§ **ACTIVITY**:
Print the lines exactly. Start at the first line of the material below, end with the line that contains "Pulsera de hilo", and skip all pictures.

§ **DATA FOR THE TASK**:
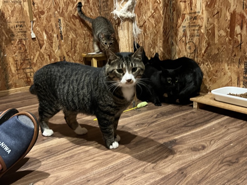 猫庭の猫たちが遊ぶ様子
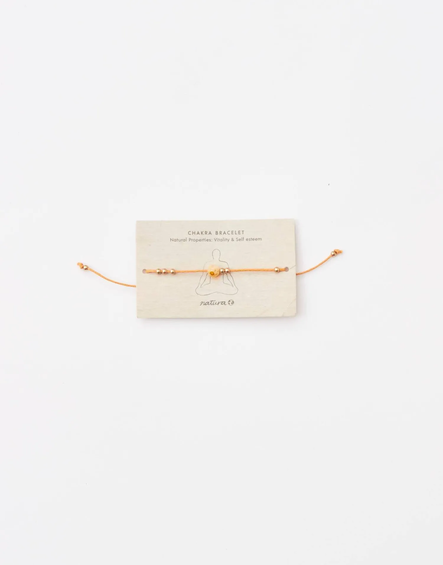 Pulsera de hilo con cuenta del color correspondiente a cada chakra y detalle de flor. Cierre de nudo corredizo.
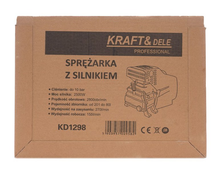 Descriere produs/nPutere si fiabilitate pentru compresorul tau.Motorul de compresor Kraft&Dele KD1298 este piesa de inlocuire ideala pentru compresoarele de aer cu rezervor de 24 litri si presiune maxima de 10 bar. Construit cu materiale durabile si tehnologie moderna, motorul asigura functionare eficienta si durata lunga de viata in conditii de lucru intense./nEste proiectat pentru a mentine un debit de aer constant, oferind performanta fiabila in utilizari profesionale sau casnice./n/nAvantaje structurale/n/n/nPresiune maxima 10 bar – suficienta pentru majoritatea aplicatiilor pneumatice/n/n/nCompatibilitate perfecta cu rezervor de 24 litri/n/n/nMotor electric eficient – ideal pentru ateliere auto, service-uri si utilizari generale/n/n/nProtectie termica automata – previne supraincalzirea si prelungeste durata de viata/n/n/nDesign compact – usor de montat si intretinut/n/n/n/nCaracteristici tehnice/n/n/nCod produs: KD1298/n/n/nBrand: Kraft&Dele/n/n/nTip produs: Motor compresor aer/n/n/nPresiune maxima: 10 bar/n/n/nCompatibilitate: Rezervor 24L/n/n/nTensiune alimentare: 230V / 50Hz/n/n/nPutere: 2.2 kW (3 CP)/n/n/nGreutate: ~8-10 kg (doar motorul)/n/n/n/nUtilizare recomandata/n/n/nInlocuire motor pentru compresoare cu rezervor 24L/n/n/nAteliere auto, vopsitorii, service-uri/n/n/nScule pneumatice, curatare cu aer, umflare/n/n/nAplicatii semi-profesionale sau casnice/n/n/n/nDe ce sa alegi acest produs/nMotorul KD1298 este proiectat pentru performanta continua si eficienta energetica, fiind o alegere excelenta pentru cei care doresc sa reinvie un compresor de 24L fara a investi intr-un aparat complet nou. Asigura fiabilitate, compatibilitate perfecta si costuri reduse de mentenanta./n/nContinut pachet/n/n/n1 x Motor compresor aer KD1298/n/n/n1 x Sistem de conectare si protectie/n/n/n1 x Manual de montaj/n/n/n/n/nReinnoieste-ti compresorul cu motorul KD1298 de la Kraft&Dele – performanta de incredere pentru orice lucrare!
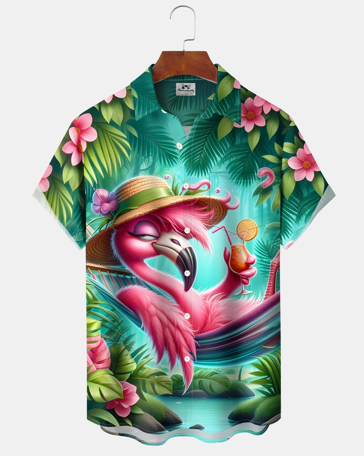 Alohadaddy® Hawaiian Cartoon Funny Flamingo Floral Shirt
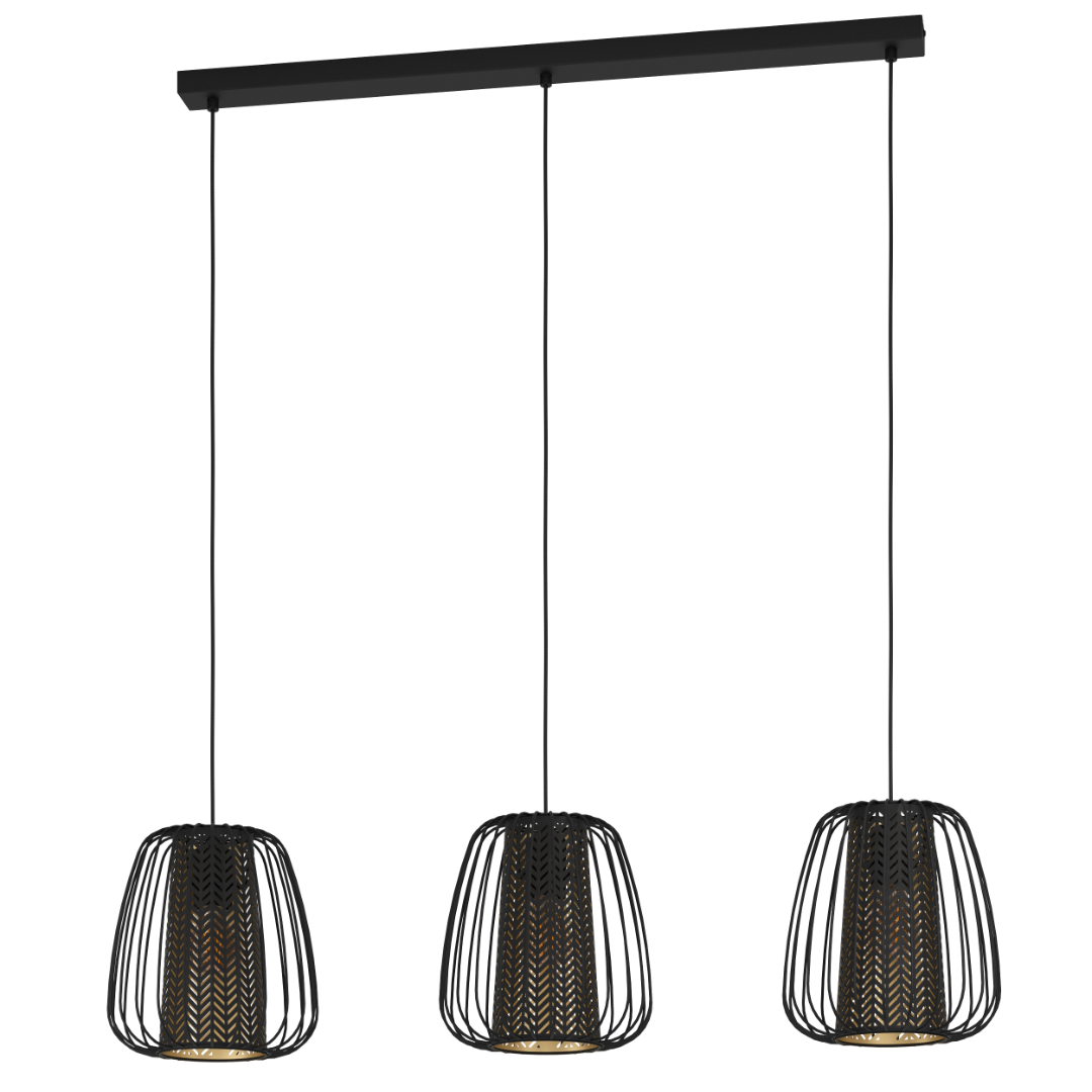 Een moderne hanglamp uit de hanglampen collectie van Eglo. De lamp is gemaakt van staal en textiel heeft een zwarte kleur met een gouden accent. De lamp heeft E27-fittingen en wordt exclusief lichtbronnen geleverd. Het is geschikt voor een max. wattage van 3x 40W. De lamp heeft een bijzondere vorm, waardoor het een mooie, unieke uitstraling geeft aan je huis. De lamp is een goed voorbeeld van een lamp die mooi boven de eettafel kan worden opgehangen of in de woonkamer.
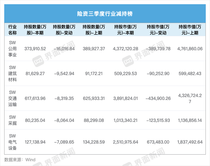 行业减持方面,三季度,险资大幅减持公共事业、建筑材料、交通运输等行业,分别共计减持1.60亿、9542.94万、8319.35万股,持股市值分别减少38.97亿、9.03亿、43.49亿元。主要减持内蒙华电(600863.SH)、濮耐股份(002225.SZ)、招商轮船(601872.SH)、招商公路(001965.SZ)等个股。
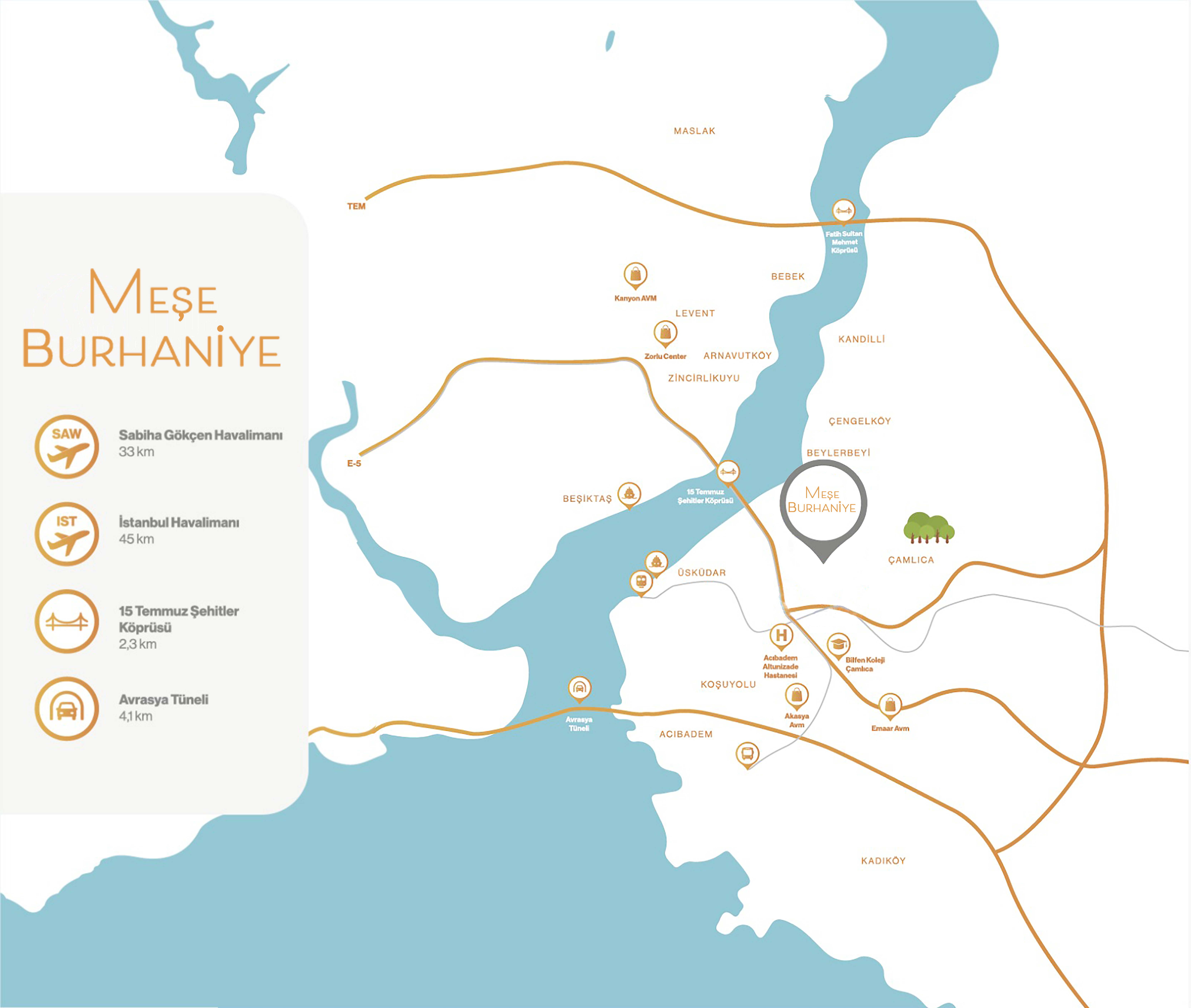 Zengin ulaşım çeşitliliğiyle öne çıkan bölge, İstanbul’un tüm ayrıcalıklarının kıyısında bulunuyor. Bu sayede hayatın tüm güzelliklerini size sunarken, şehrin en önemli noktalarına sadece dakikalar içerisinde, kolayca ulaşabilmenizi sağlıyor.
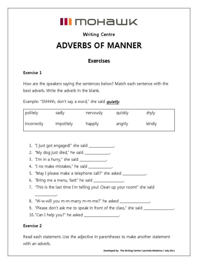Agar pembaca semakin memahami adverb of manner berikut ini merupakan contoh soal pilihan ganda adverb of manner. I wait anxiously when my mom sees the doctor. Banyak adverb of manner merupakan ly adverb yang diperoleh dengan menambahkan ly pada adjective kata sifat. Cita cita saya adalah berbicara inggris dengan fasih soal adverb of manner. Untuk membantu kalian dalam memahami adverb of manner kalian bisa menyimak contoh adverb of manner di bawah ini beserta kalimatnya. Mengenai penjelasan dan cara penggunaan adverb of manner bisa kalian baca pada artikel kami yang berjudul pengertian contoh dan cara penggunaan adverb of manner kata keterangan cara.
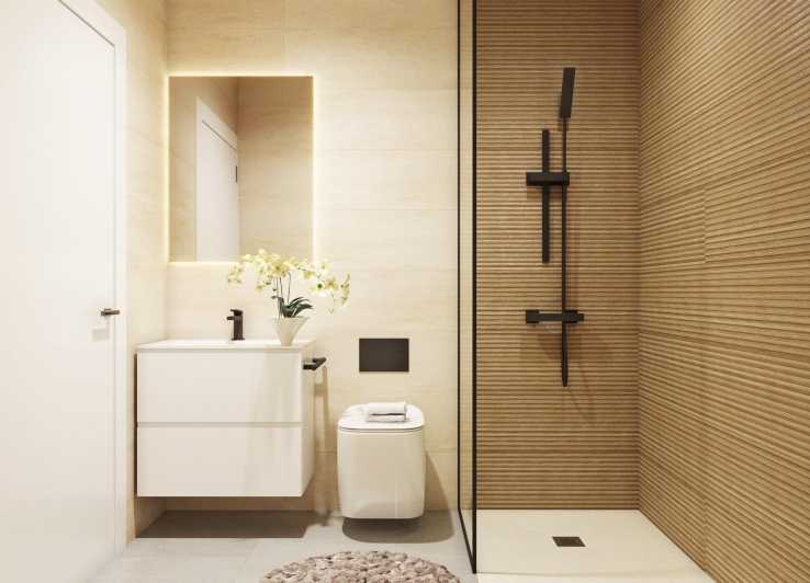 The villas are built on one floor and have a private solarium, 3 bedrooms, 2 bathrooms, kitchen open to the living room, garden with parking space.
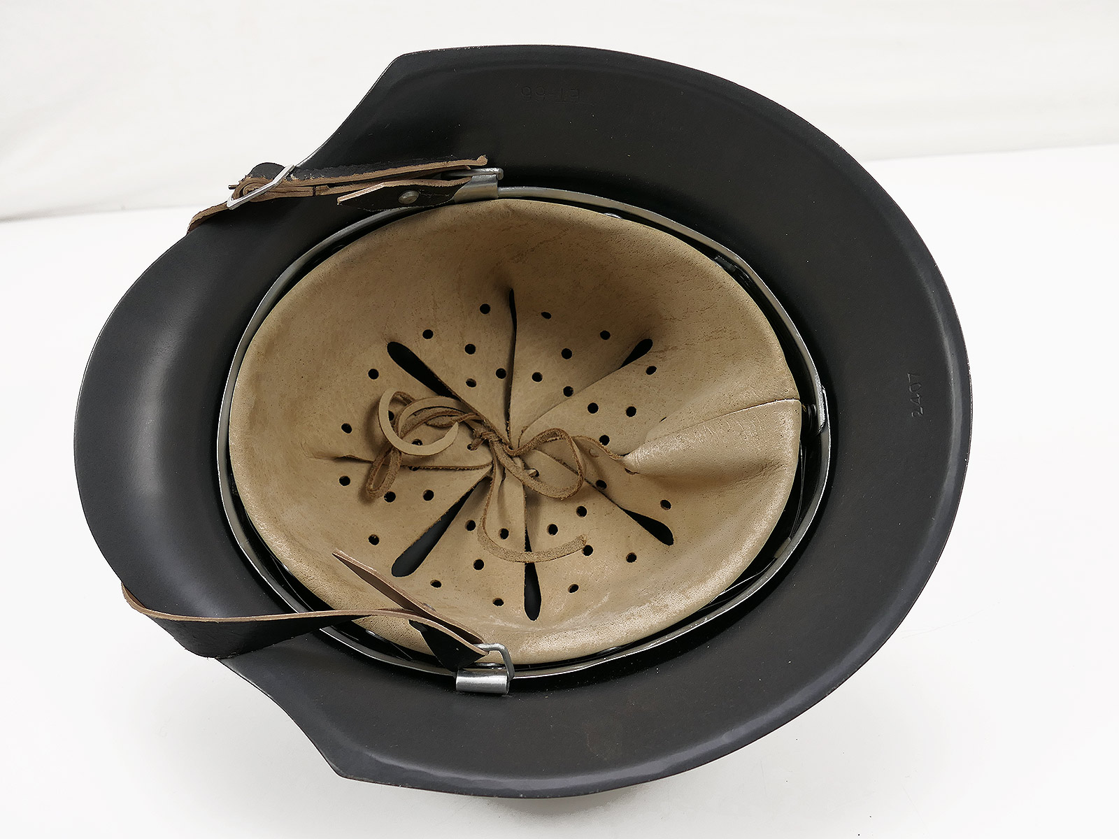 Material: Steel, inner lining and chin strap made of 100% goatskin
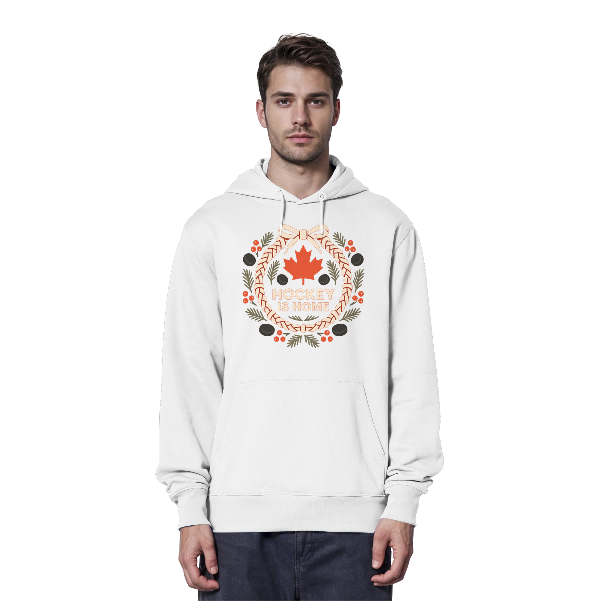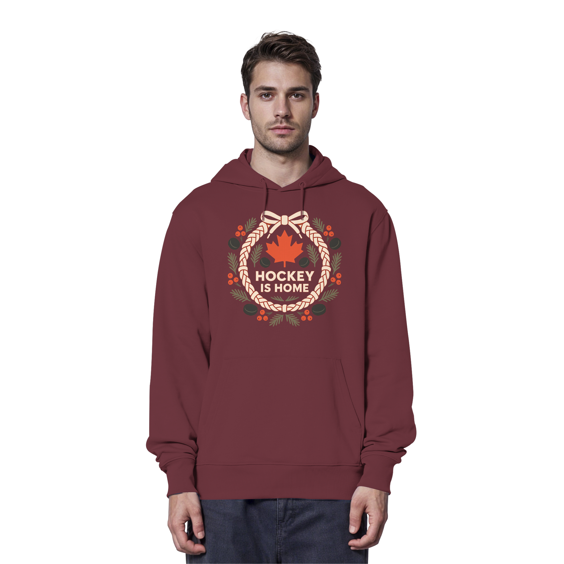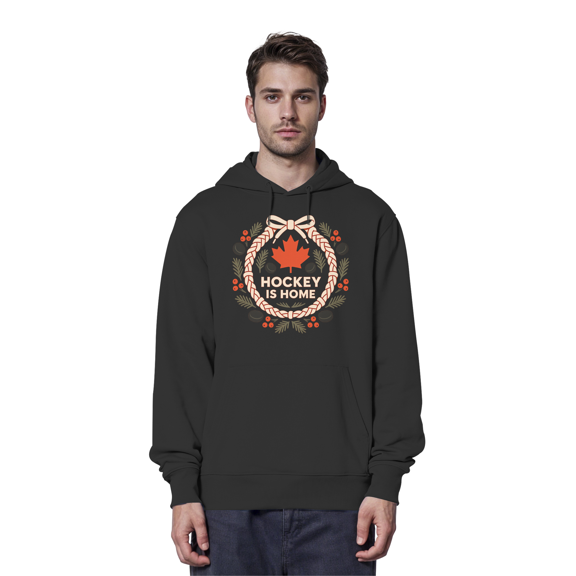 Hockey Lace Wreath: A True North Christmas Tradition Graphic and the Ultimate Fan Favourite. Nothing screams Canadian pride quite like this meticulously crafted graphic, fam! It flawlessly and artistically integrates the nation's overwhelming passion for Hockey with the festive holiday spirit. The central element is a sophisticated, deeply rustic Wreath—uniquely constructed from intertwined, realistically textured Eishockey Laces (hockey skate laces) instead of predictable traditional foliage. This inventive and highly detailed element immediately speaks to the heart of every true sport fan in the T-Dot and beyond. The wreath is beautifully accented with the iconic, rich red Maple Leaf, Canada's national symbol, alongside small, seasonal berries and evergreen sprigs, adding a touch of classic Christmas charm. The profound, patriotic slogan "HOCKEY IS HOME" is boldly positioned, underscoring the deep connection between the game, the rink, and the sense of warmth and belonging that defines the holidays in the Great White North. This graphic is a high-quality, must-have piece for the dedicated player, the proud hockey parent, or any enthusiast who considers the rink a second home. This design is truly a one of a kind statement piece that goes hard for the Canadian fan, combining sport heritage with holiday elegance. Show your Canadian spirit and your devotion to the game with this powerful, festive symbol, eh! This Canadian Hockey Christmas design with its Hockey Lace Wreath graphic is perfect for every Eishockey fan holiday design and features a classic Maple Leaf sport illustration. It’s the ultimate statement graphic for those who live and breathe the sport.

§ **SOLUTION**:
 猫庭の猫たちが遊ぶ様子
 Pulsera de hilo con cuenta del color correspondiente a cada chakra y detalle de flor. Cierre de nudo corredizo.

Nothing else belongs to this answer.